# Problem to solve
Output the data unchanged and complete, minus the images.
------ Source material
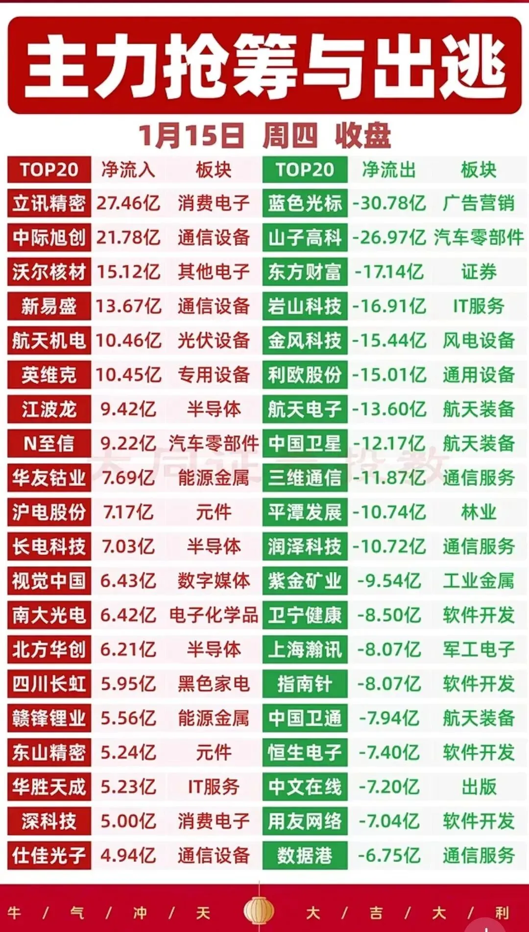 1月15日涨停个股集中分布于半导体、AI应用、商业航天等板块,其中三孚股份、彤程新材、蓝箭电子等多只半导体概念股涨停,市场赚钱效应聚焦科技赛道。五、主力资金动向:硬科技获大额流入,立讯精密、中际旭创受青睐
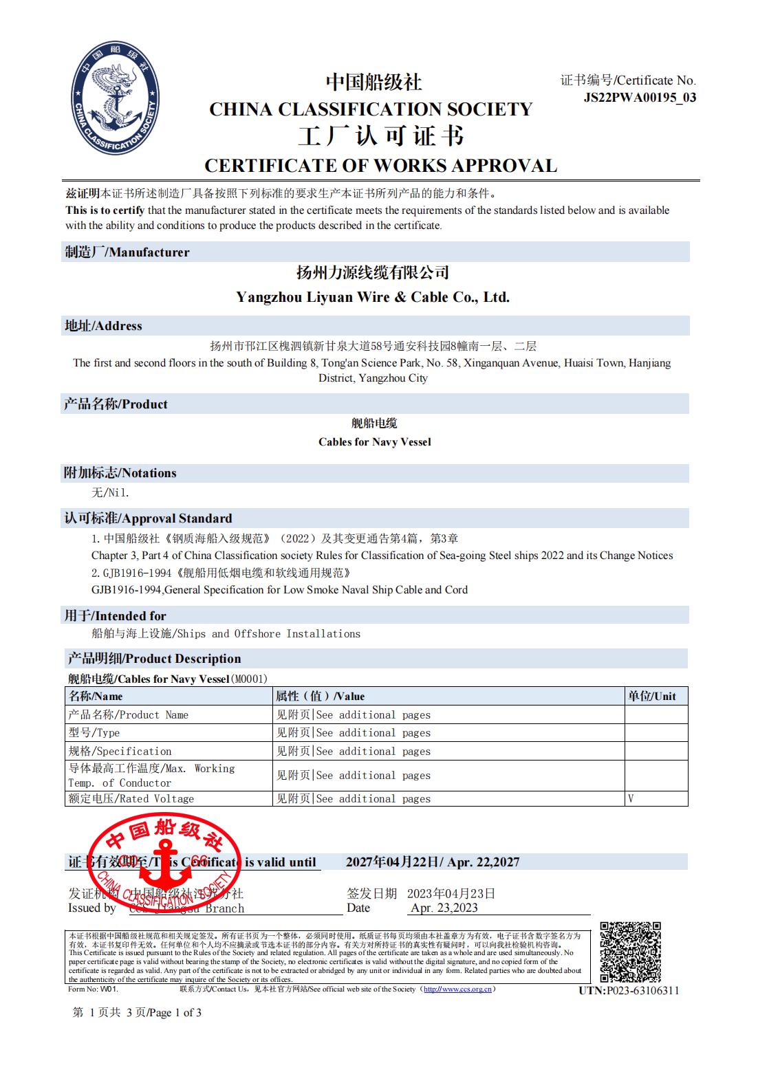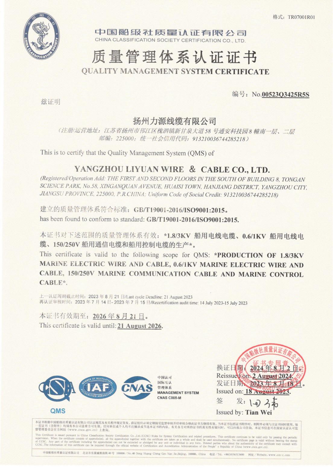 CHỨNG NHẬN XÃ HỘI PHÂN LOẠI CCS TRUNG QUỐC
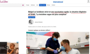 Παρά το αυστηρό lockdown κι έναν γρήγορο εμβολιασμό η κατάσταση επιδεινώνεται στο Ισραήλ: “Το τρίτο κύμα είναι πιο σύνθετο” αναφέρει σε άρθρο της η βέλγικη la libre… (Δηλ. το εμβόλιο μύθος καταρρίπτεται στην πράξη…Η πραγματικότητα είναι αδίρητη. Αντί να υπάρχει βελτίωση υπάρχει σαφής επιδείνωση με τους μαζικούς εμβολιασμούς..).
------------
# Reply to the task
 1月15日涨停个股集中分布于半导体、AI应用、商业航天等板块,其中三孚股份、彤程新材、蓝箭电子等多只半导体概念股涨停,市场赚钱效应聚焦科技赛道。五、主力资金动向:硬科技获大额流入,立讯精密、中际旭创受青睐
 CHỨNG NHẬN XÃ HỘI PHÂN LOẠI CCS TRUNG QUỐC
 Παρά το αυστηρό lockdown κι έναν γρήγορο εμβολιασμό η κατάσταση επιδεινώνεται στο Ισραήλ: “Το τρίτο κύμα είναι πιο σύνθετο” αναφέρει σε άρθρο της η βέλγικη la libre… (Δηλ. το εμβόλιο μύθος καταρρίπτεται στην πράξη…Η πραγματικότητα είναι αδίρητη. Αντί να υπάρχει βελτίωση υπάρχει σαφής επιδείνωση με τους μαζικούς εμβολιασμούς..).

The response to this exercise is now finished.